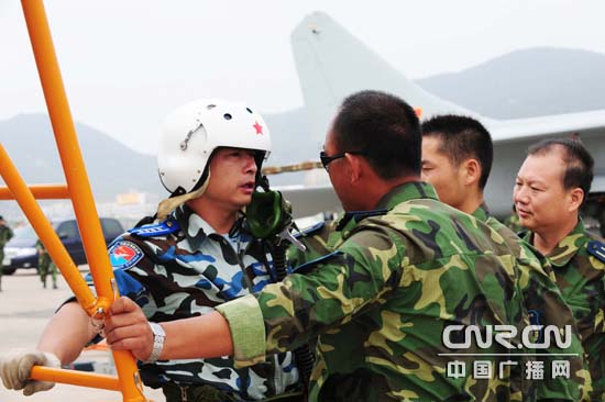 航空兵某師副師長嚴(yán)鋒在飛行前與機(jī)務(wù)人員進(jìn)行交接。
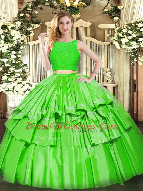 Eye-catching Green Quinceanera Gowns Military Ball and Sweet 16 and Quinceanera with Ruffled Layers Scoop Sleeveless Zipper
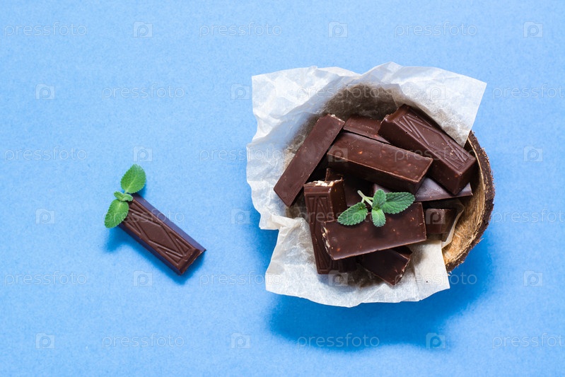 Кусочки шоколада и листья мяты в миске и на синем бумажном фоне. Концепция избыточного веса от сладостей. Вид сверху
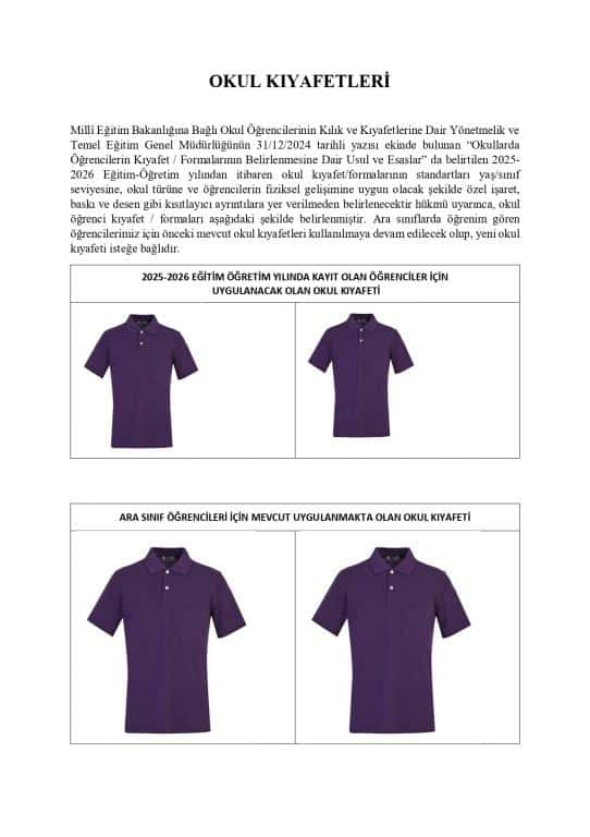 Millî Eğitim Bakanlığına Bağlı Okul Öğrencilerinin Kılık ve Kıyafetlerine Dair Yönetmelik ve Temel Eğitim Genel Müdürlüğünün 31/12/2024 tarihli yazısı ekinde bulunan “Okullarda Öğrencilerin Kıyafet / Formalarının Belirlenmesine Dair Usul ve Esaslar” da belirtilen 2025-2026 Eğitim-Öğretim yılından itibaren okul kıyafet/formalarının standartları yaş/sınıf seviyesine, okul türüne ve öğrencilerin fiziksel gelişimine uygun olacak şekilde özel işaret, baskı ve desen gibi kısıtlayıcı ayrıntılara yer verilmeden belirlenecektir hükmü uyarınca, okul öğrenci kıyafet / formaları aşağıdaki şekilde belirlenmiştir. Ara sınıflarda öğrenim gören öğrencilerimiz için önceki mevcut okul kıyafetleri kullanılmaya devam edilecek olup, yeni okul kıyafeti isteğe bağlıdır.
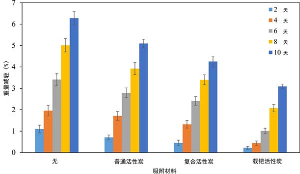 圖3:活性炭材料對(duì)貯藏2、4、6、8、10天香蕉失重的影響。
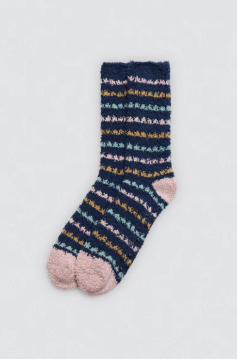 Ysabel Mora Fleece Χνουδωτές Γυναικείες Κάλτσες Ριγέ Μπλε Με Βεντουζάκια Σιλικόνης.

...

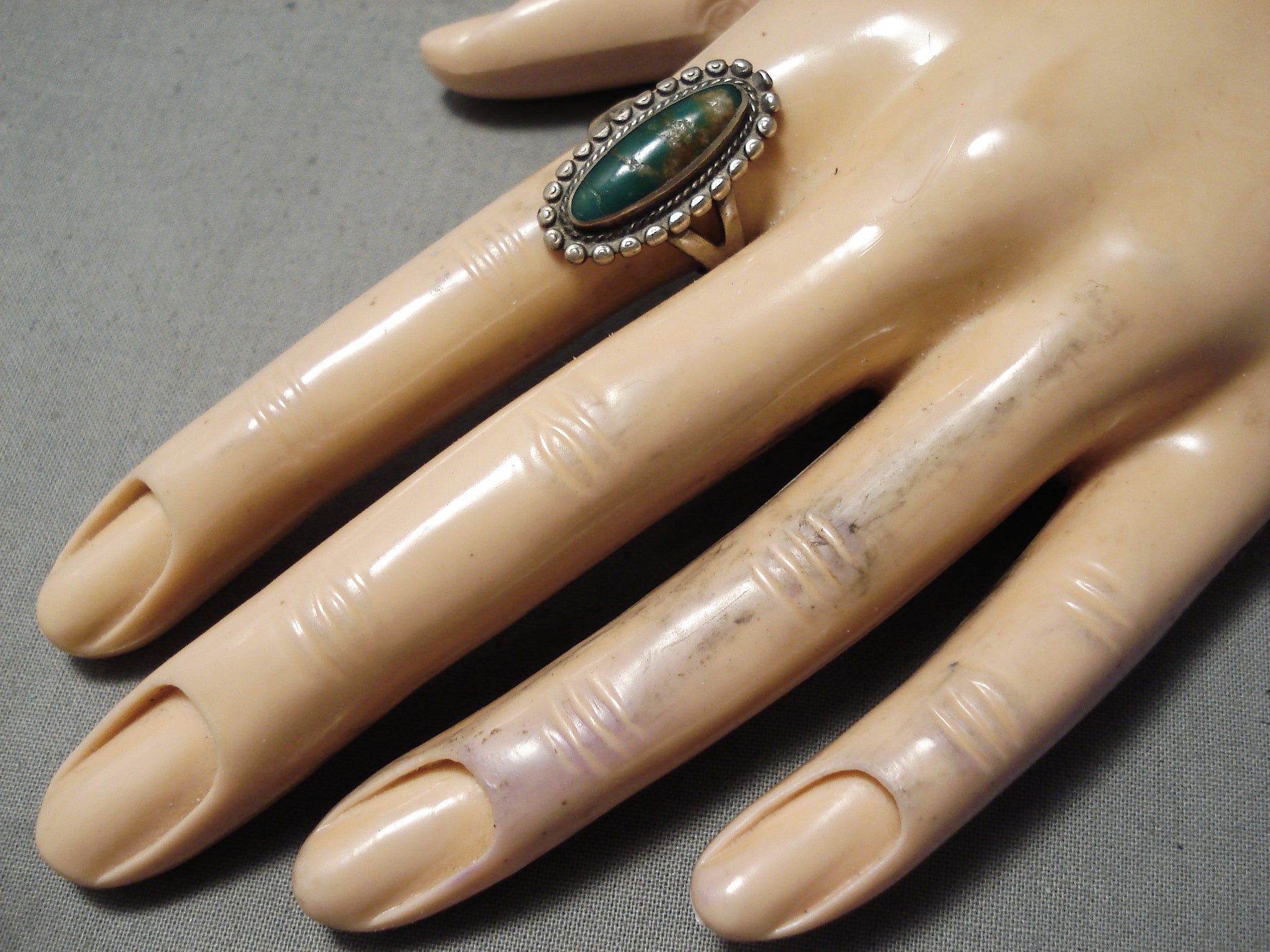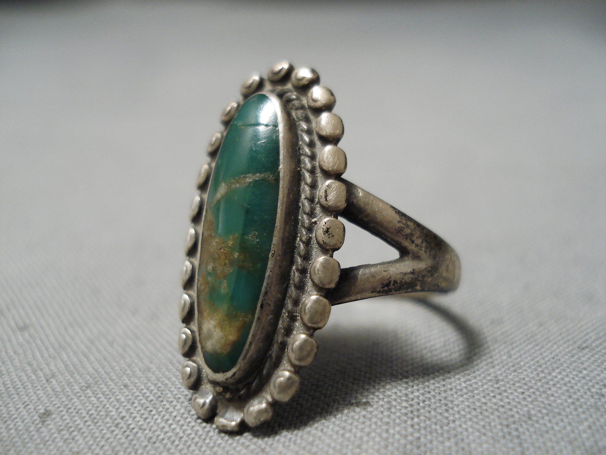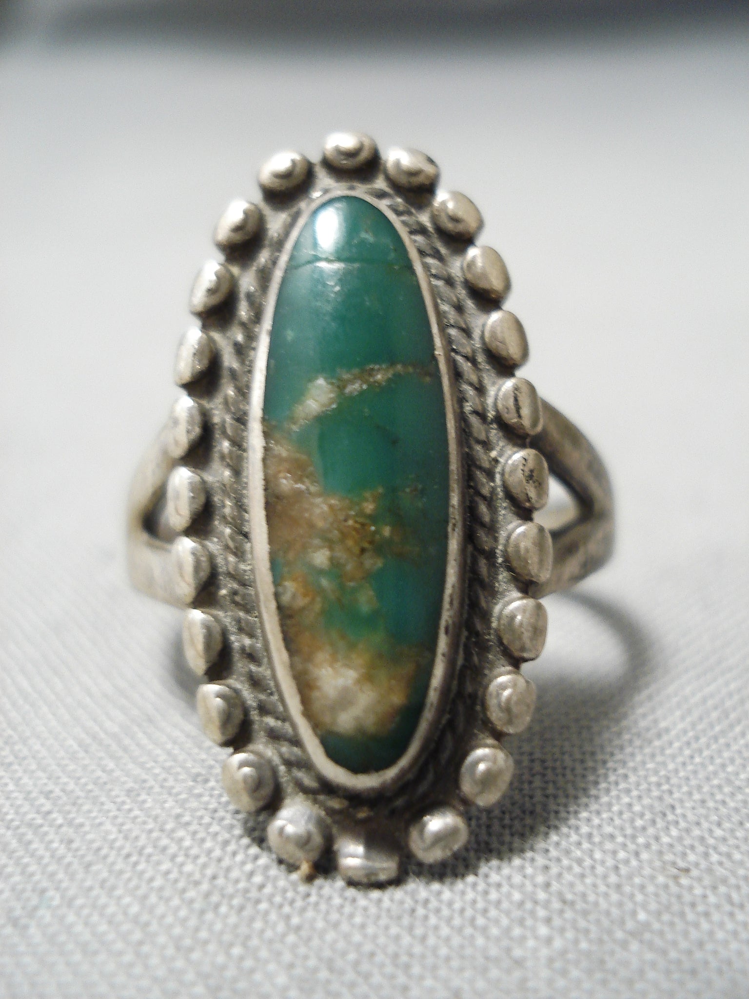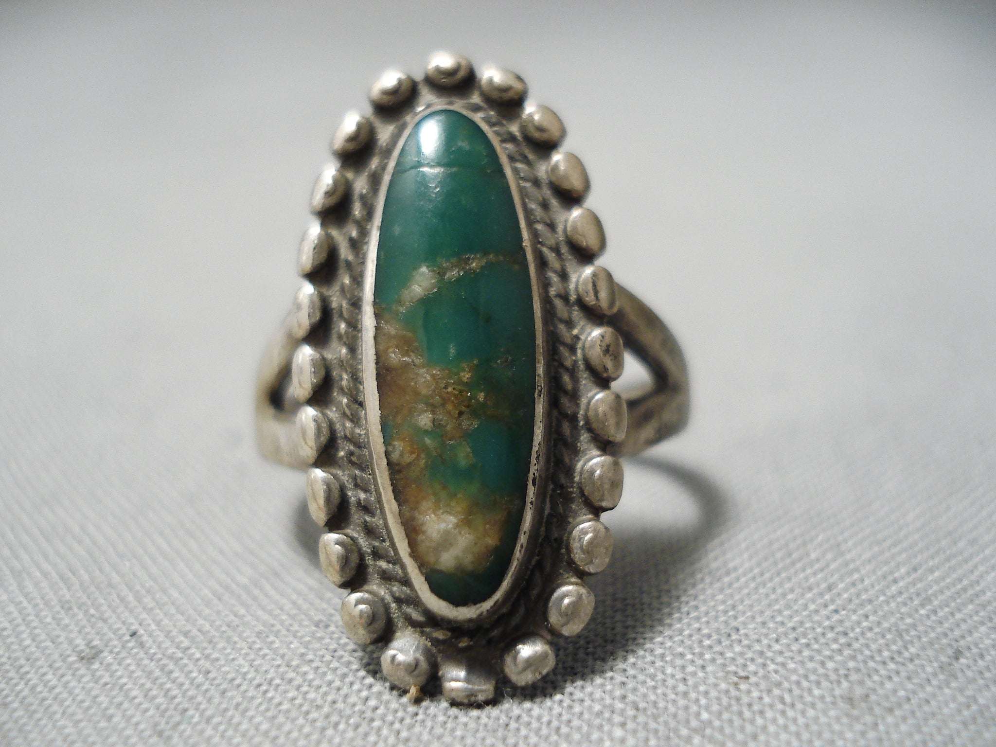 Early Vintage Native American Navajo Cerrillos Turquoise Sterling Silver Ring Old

_Work instruction_. Take the material above and output only the lines from the one that contains "Eye-catching Green Quinceanera" through the one that contains "Ysabel Mora Fleece", ends included and images left out.

_Response box_.
 Eye-catching Green Quinceanera Gowns Military Ball and Sweet 16 and Quinceanera with Ruffled Layers Scoop Sleeveless Zipper
 Кусочки шоколада и листья мяты в миске и на синем бумажном фоне. Концепция избыточного веса от сладостей. Вид сверху
 Millî Eğitim Bakanlığına Bağlı Okul Öğrencilerinin Kılık ve Kıyafetlerine Dair Yönetmelik ve Temel Eğitim Genel Müdürlüğünün 31/12/2024 tarihli yazısı ekinde bulunan “Okullarda Öğrencilerin Kıyafet / Formalarının Belirlenmesine Dair Usul ve Esaslar” da belirtilen 2025-2026 Eğitim-Öğretim yılından itibaren okul kıyafet/formalarının standartları yaş/sınıf seviyesine, okul türüne ve öğrencilerin fiziksel gelişimine uygun olacak şekilde özel işaret, baskı ve desen gibi kısıtlayıcı ayrıntılara yer verilmeden belirlenecektir hükmü uyarınca, okul öğrenci kıyafet / formaları aşağıdaki şekilde belirlenmiştir. Ara sınıflarda öğrenim gören öğrencilerimiz için önceki mevcut okul kıyafetleri kullanılmaya devam edilecek olup, yeni okul kıyafeti isteğe bağlıdır.
 圖3:活性炭材料對(duì)貯藏2、4、6、8、10天香蕉失重的影響。
 Ysabel Mora Fleece Χνουδωτές Γυναικείες Κάλτσες Ριγέ Μπλε Με Βεντουζάκια Σιλικόνης.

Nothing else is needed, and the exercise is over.